Les papiers du chocolats
2012-06-16


禺画像]
母と娘への土産には細かい小物を目につくたびちょこちょこと買った。エコバッグだったり巾着袋だったりストラップだったり……。でもこのチョコレートがいちばん「どこで買ってきたか」が相手に対して判然として、お土産らしかった(笑)。
3人で分けていただきました。ごちそうさま。


『対談 世流に逆らう』
佐伯快勝×アレックス・カー
北星社(2012年6月)


発売されたばかりの本である。
コンパクトなソフトカバーでさほど分厚くなく、読みやすい体裁に仕上がっている。……と、そんなことを言うのも、勤務先の上司が部分的に編集にかかわっていたので、私としてはできあがるのをこっそり楽しみにしていたのだ。上司が取材をしていたのは昨秋のことなので、もっと本当のことをいえば、すっかり忘れてたんだけど。へへへ。

一瞬、なんだこりゃ、みたいな表紙だが、めくって読み進むと、とても穏やかな気分になる。先へ進みたくなる。平易な言葉でかなり深遠なことを語り合っておられるのだが、とにかく飽きずに読み進みたくなる。なかなか構成も工夫されている。

佐伯快勝さんというのは浄瑠璃寺のご住職である。

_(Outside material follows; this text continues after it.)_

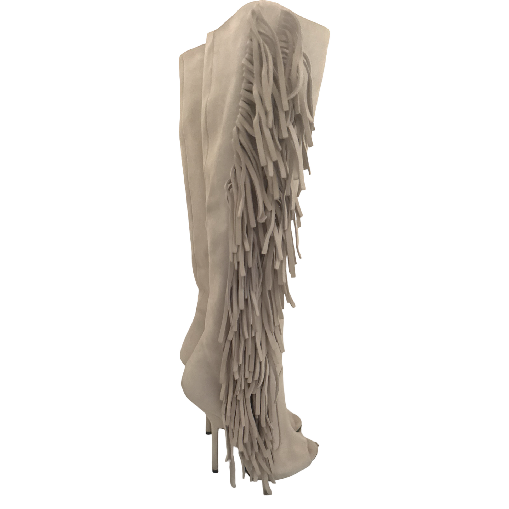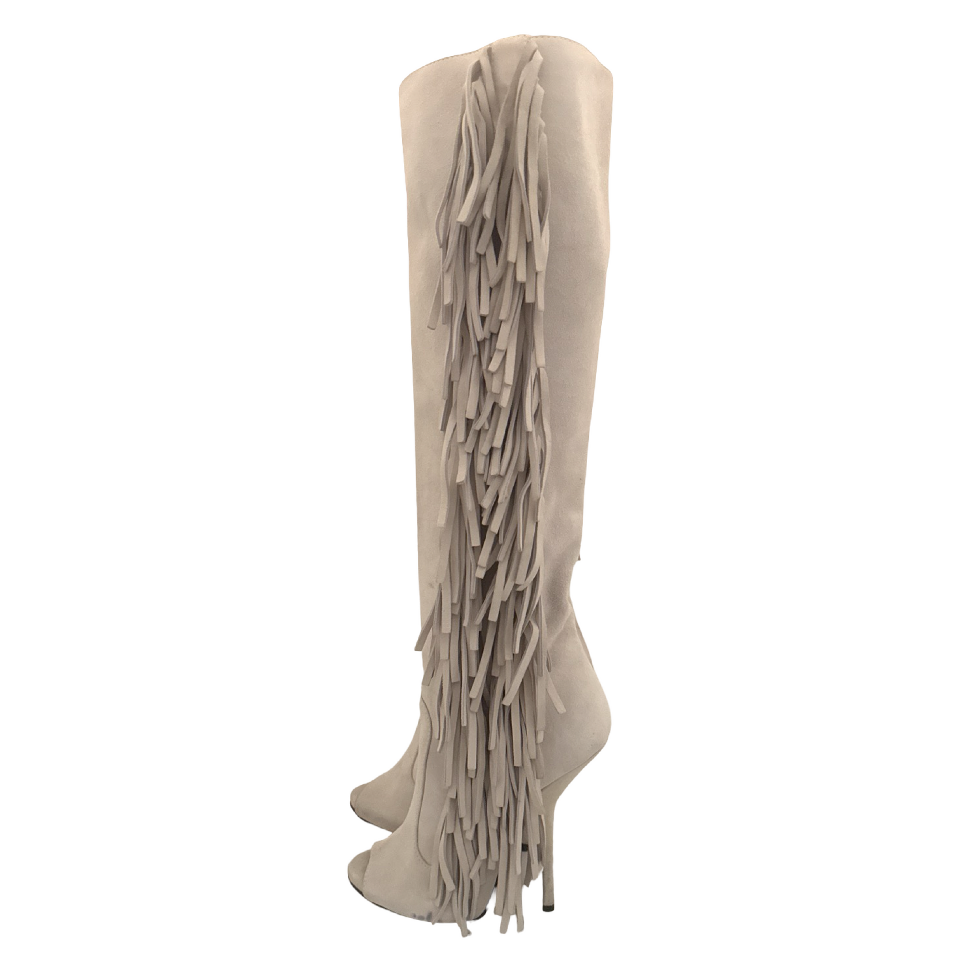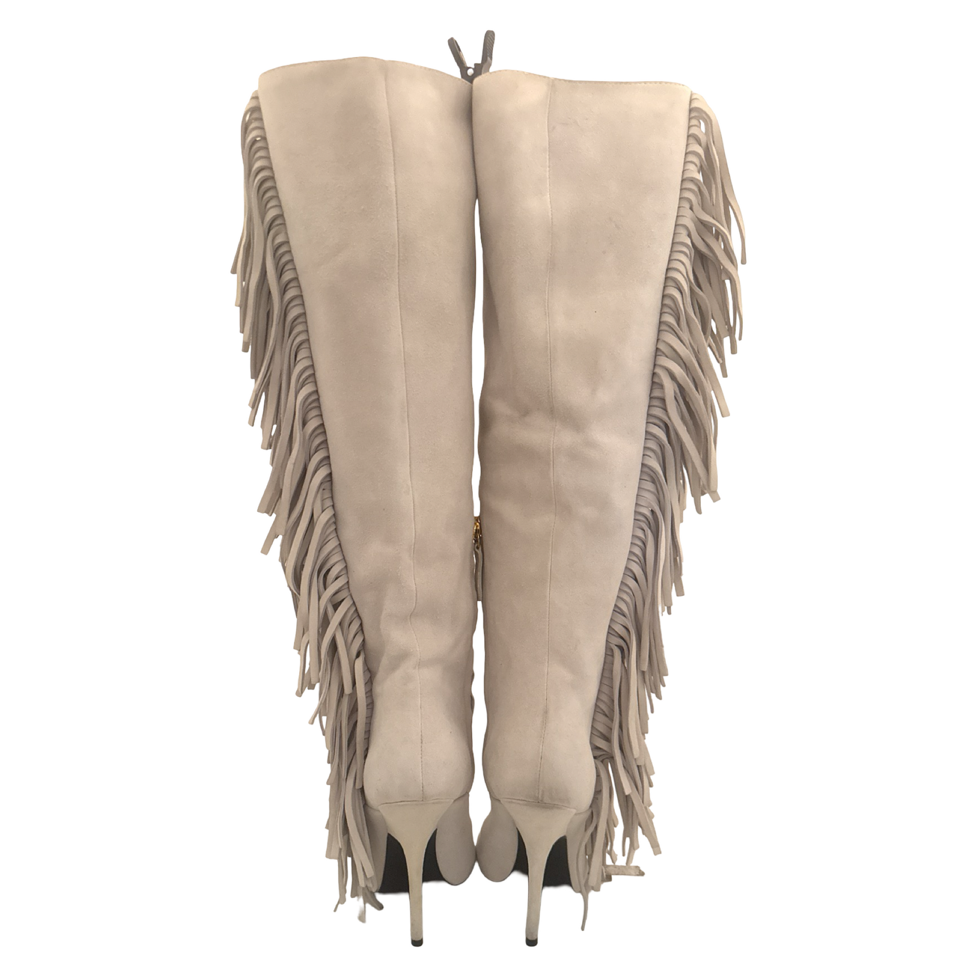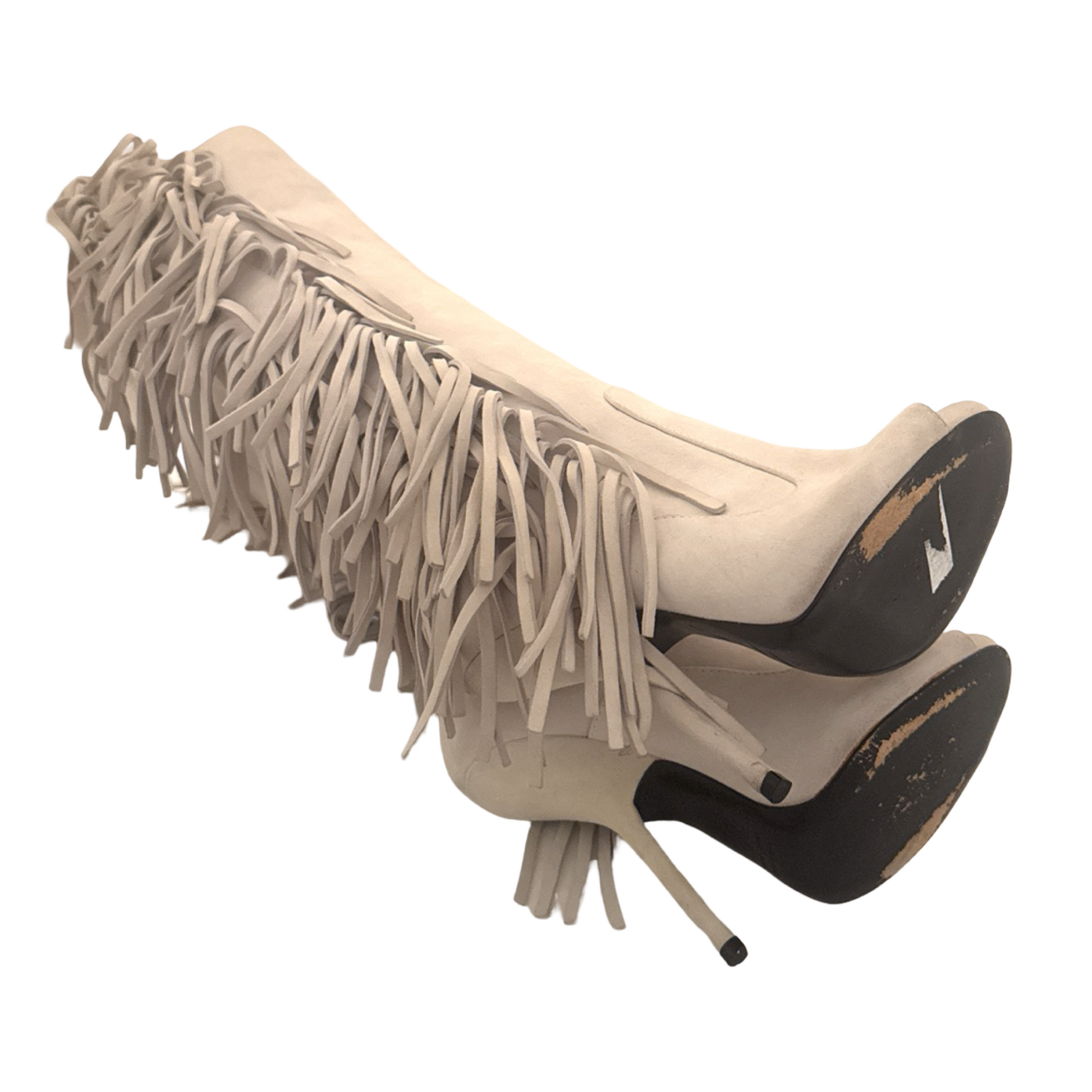 Giuseppe Zanotti bone suede fringe peep toe boots with fringe. In good used condition, minor signs of wear throughout not obvious when on. 5 inch heel, 14inch calf.

アレックス・カーさんというのは東洋文化研究家という肩書きで紹介されているが、私たちのまちでは「町家再生プロジェクト仕掛け人」という印象が強い。同時に、書家である。わりと普通の(といってはなんだが)、よい書の作品を創っている人だと私は思う。書の作品というのは「何て書いてあるのか」が一見して鑑賞者に伝わらなければ意味がないと思っているのだが、何が書いてあるのかわからない書をしたためる書家というのがちょいニョキニョキとはびこってきているのではなかろうかと憂えたりする私である(そういう売れっ子書家に友人がいるんだが、なんだかなー、なんである。ま、いい子だから許している。笑)。

歳をとったということなんだろうか、最近、坊様の言葉に弱いのである(笑)。我が家の菩提寺の坊さんのいうことなんか全然心に響かないんだけど。
有名無名を問わずよく僧侶が新聞でコラムを担当していたり、何かとコメントしていたり、とにかくその思想が活字になって紹介されることの多い私たちのまちでは、はっきりいって(税金も払わないくせにさ)いささか小うるさく感じるのである。宗教嫌いも手伝って、若いときから坊主の書いたもん・いうたことには近づかないようにしてきたが、ここ数年、ほとけさまに近づいてきたんだろうか(笑)、なんの抵抗もなく、彼らの説法を聞いたり、仏の教えにまつわるさまざまなことに耳を傾けたり、そうした類の本を読んだりしている。仕事で神社仏閣を取材する機会が多いことも一因かもしれないと思ってみたが、30歳前からこういう仕事で大小ピンきりの神社仏閣を見てきたはずだが、40代半ばを過ぎるまで、どんな寺院を見ても「だからなんなのよ」的な気持ちが自分の中では支配的だった。まあね、言い訳だけどさ、掃いて捨てるほど神社もお寺もあるわけよ。いちいち感動してられないのよ。
でも、ほんとに、ここ数年は、訪問した場所の土の匂い、祠や社の褪せた木の色、お話しくださる僧侶の言葉が、身に沁みる。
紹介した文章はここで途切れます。